Surely we can learn much from this; most of you who read these pages will be Gentiles, and as such you have no claim on God. The only people who had any right to expect a blessing if they kept God's law were the Jews.
Now look at the picture of the Gentile woman who tried to get our Lord to do something for her daughter by appealing to Him as Son of David. As a Gentile she could not thus call Him, she could not expect anything, and so He had to tell her that His mission was to the house of Israel. But her sense of need was so great that again her voice is heard: "Lord, help me." What a splendid little prayer, a prayer of only three words, and yet what a lot there is in it! Our Lord could not be indifferent to it, but He still had a lesson to teach. He tells her it is not right to take the children's bread and give it to the dogs, by which He meant that a Gentile could not expect the blessings that God had promised the Jew. The poor woman is not angry at being likened to the horrid and despised dog, she accepts the position and practically says, "I am indeed a dog, I have no claim on your compassion"—but she says that even the dogs eat of the crumbs that fall from their masters' table. By acknowledging her insignificance, and counting only upon His goodness and grace, she takes the lowly place and then gets the blessing and hears those wonderful words, "O woman, great is thy faith.”
In the Old Testament we read of a man who took the place of a dog, Mephibosheth, who is not content with calling himself a dog, but says he is a dead dog! What could be worse? He says thus that he is worthless, that he cannot expect anything but punishment from the great king, so that anything he receives will be due entirely to mercy and grace.
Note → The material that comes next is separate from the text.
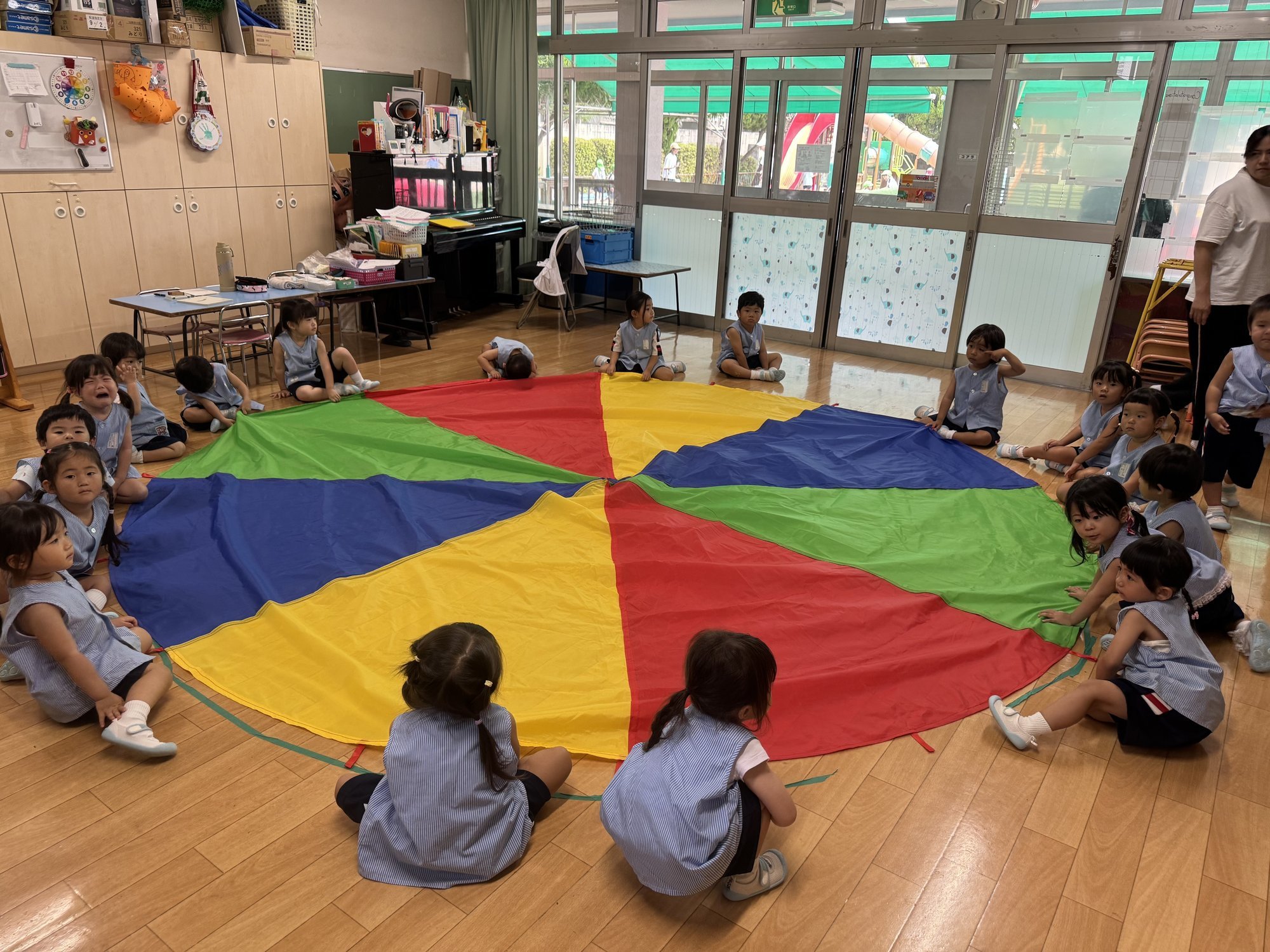 運動会は年少組さんと一緒にパラバルーンをお披露目します。お兄さん、お姉さんと練習頑張っています。楽しみにしていて下さい。

We next see him treated as one of the royal princes, "for he did eat continually at the king's table.”
What can we learn from the man who called himself a dead dog, and the woman who took the place of a dog ready for the smallest fragments that fell to her lot?
I think if we realize that we are all sinners before God, quite unable to help ourselves, that we are in the outside place, but that God is full of love and grace, and that "God so loved the world, that he gave his only begotten Son," and if we pray that simple little prayer, "Lord, help me," and then confess, "I am indeed no better than a dog, I am always sinning, but I know that the Lord Jesus came to die for sinners, and so for me, and I will put my trust in Him," then indeed we shall be brought to know what it is to be sitting at the King's table, and enjoying all the good things to be found there.
So the dog's only chance lies in trusting to the grace of his master, and I think the writer of those lines,
"Nothing in my hands I bring,
Simply to Thy cross I cling,”
had the same thought in his mind, that all his trust was in his Redeemer, and that he could not do anything to help himself.